The parents' guide to what's in this game.

Educational Value

Kids can learn strategy as the experiment to create the strongest Pokemon team possible and to make use of all the tools available. They will use problem-solving skills to find solutions for challenges that appear, calculate the stats needed to compete with other Pokemon, and use their imaginations to customize their avatars. Pokemon X/Pokemon Y offers cooperative fun in a world filled with collecting and strategic battles.

Positive Messages

Despite a lot of "battling," positive messages abound. Kids are encouraged to use teamwork, be kind, help each other, care for their Pokemon, and be open-minded about different (in-game) beliefs.

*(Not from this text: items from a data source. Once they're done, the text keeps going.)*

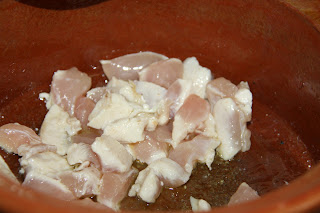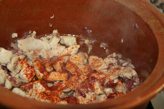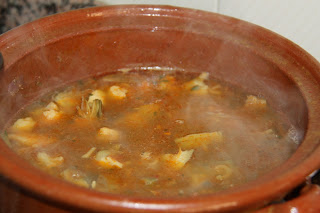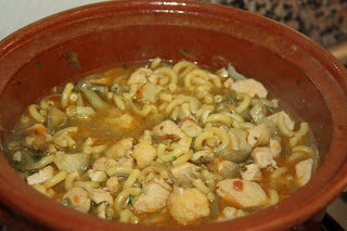 Poseu una mica d’oli d’oliva en una cassola de fang. Talleu el pit de pollastre a daus i l’enrossiu a la cassola. Afegiu la ceba trinxada. Quan la ceba hagi agafat color, afegiu l’all, doneu-li dues voltes i afegiu el pebre roig. Després, el julivert i el tomàquet. Quan el sofregit estigui fet, poseu el bròquil i la carxofa. Doneu-li un parell de voltes i afegiu el brou de pollastre calent. Deixeu bullir durant uns 10 o 12 minuts. Passat aquest temps, afegiu els fideus i ho deixeu coure fins que estiguin cuits (en aquest cas uns 9 minuts).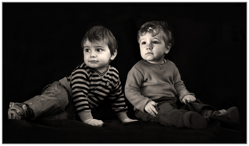 Superbe noir et blanc, lumière très bien gérée, peut-être un tout petit peu trop forte sur le côté gauche de l'enfant de droite (quand on regarde la photo). J'aurais bien vu les mains de l'enfant de gauche en entier, surtout sa main gauche, et son pied aussi. Du chipotage car c'est un très bon double portrait!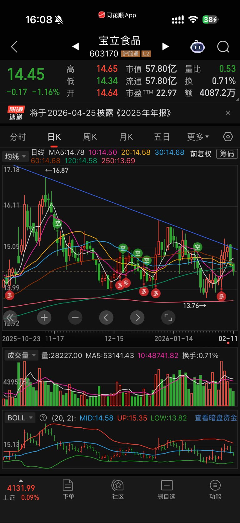 $宝立食品(SH603170)$ 低点越来越低,日周月线都在下降通道中,周五买了点底仓,这周站稳通道上我都准备打满了,但是这几天的表现,是我判断错了,根本没有主力,跟着板块涨跌的量化模型而已,在观望的可以放弃了,今天清了,要等放倍量大阳突破再看了,研究了下基本面,现在这个价格是这只票的正常估值,很难有什么大起大落的表现,根本原因还是业务发展没有科技那种想象力跟预期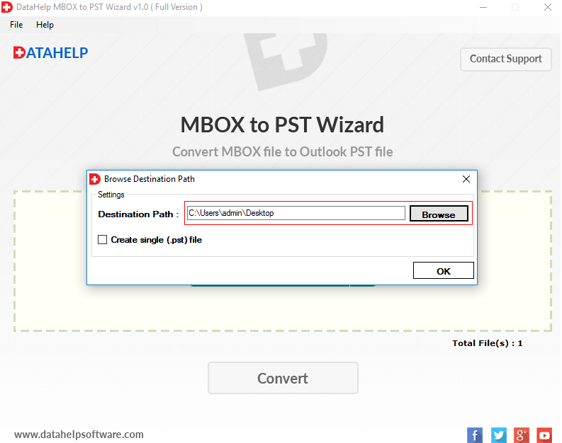 1: The tool will convert MBOX to Outlook importable PST format with entire data.

Positive Role Models & Representations

Most of the characters are kind and generous, sharing information and objects with the player. There are a few characters who are stingy or not good sports, but they're in the minority.

Ease of Play

Basic gameplay is easy. Navigation is intuitive, and battling is as simple as choosing a move to use on an opponent. There are a range of special moves and features that become available in-game with no explanation on how to use them. You can succeed without using them, but it's frustrating to have no in-game help in those areas.

Violence & Scariness

There's a lot of turn-by-turn battling with special powers, but there's no blood, nothing scary, and very little shown on-screen. It's more like a fencing tournament than a boxing match. Pokemon don't die; they just faint. Players who run out of Pokemon (meaning they've all fainted) will black out and revive in town.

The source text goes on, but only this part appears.